During the past several days, "the pace of donations has been, for us, higher than tsunami," says Bill Strathmann, chief executive officer of Network for Good, a San Francisco nonprofit organization whose online giving site allows donors to contribute to any charity. On Wednesday and Thursday during peak times, he says, the site was processing a donation every other second or more than 1,800 gifts per hour.
Network for Good has seen relief contributions increase steadily throughout the week. On Monday, when the extent of the devastation was still unclear, the organization received $40,000 in relief donations. Tuesday the site handled $560,000, and $2.6-million on Wednesday. Thursday's total was just over $3-million, the biggest one-day tally in the organization's history.
Previously, the most money Network for Good had ever handled in one day was the $2.9-million donated through the site on December 31, 2004, which Mr. Strathmann says was a combination of both tsunami-relief gifts and year-end contributions.
Through the end of the day Wednesday, Internet gifts accounted for more than five times as much money as telephone contributions to America's Second Harvest, in Chicago. Of the more than $1-million the organization had raised for relief efforts, $450,000 came in online compared with $80,000 over the telephone. Corporate contributions make up the remaining $533,000.
"We've never seen this type of outpouring before," says Phil Zepeda, the organization's vice president for communication. "We have regular e-campaigns that we do. A successful campaign may bring in $7,000 or $8,000 over a timed period. This is just phenomenal support in a matter of days."
The Humane Society of the United States, in Washington, has raised more than $500,000 through the Internet for relief efforts to rescue and care for animals left behind in the disaster.

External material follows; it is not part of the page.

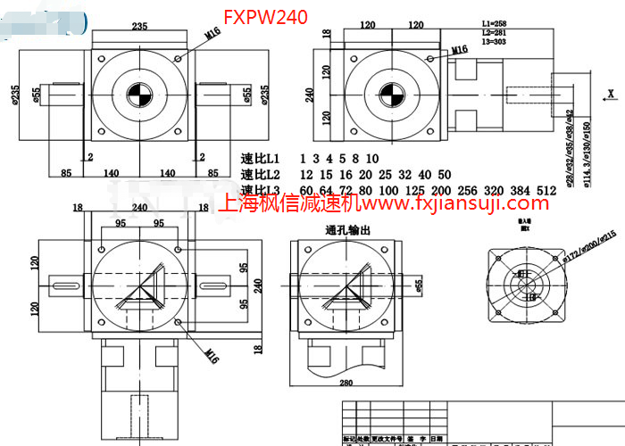 伺服电机专用直角行星转角箱FXPW240减速机配三菱台达松下安川伺服电机

Wayne Pacelle, the organization's chief executive officer, believes that the Humane Society's extensive use of the Internet over the past several years helped lay the groundwork for the online totals it's seeing. He says that half of the money that has come in through the Web site can be traced to an e-mail appeal the organization sent out to 380,000 supporters.
Says Mr. Pacelle: "The Internet is the fast way that people are plugging in to show their support."
Ian Wilhelm contributed to this article.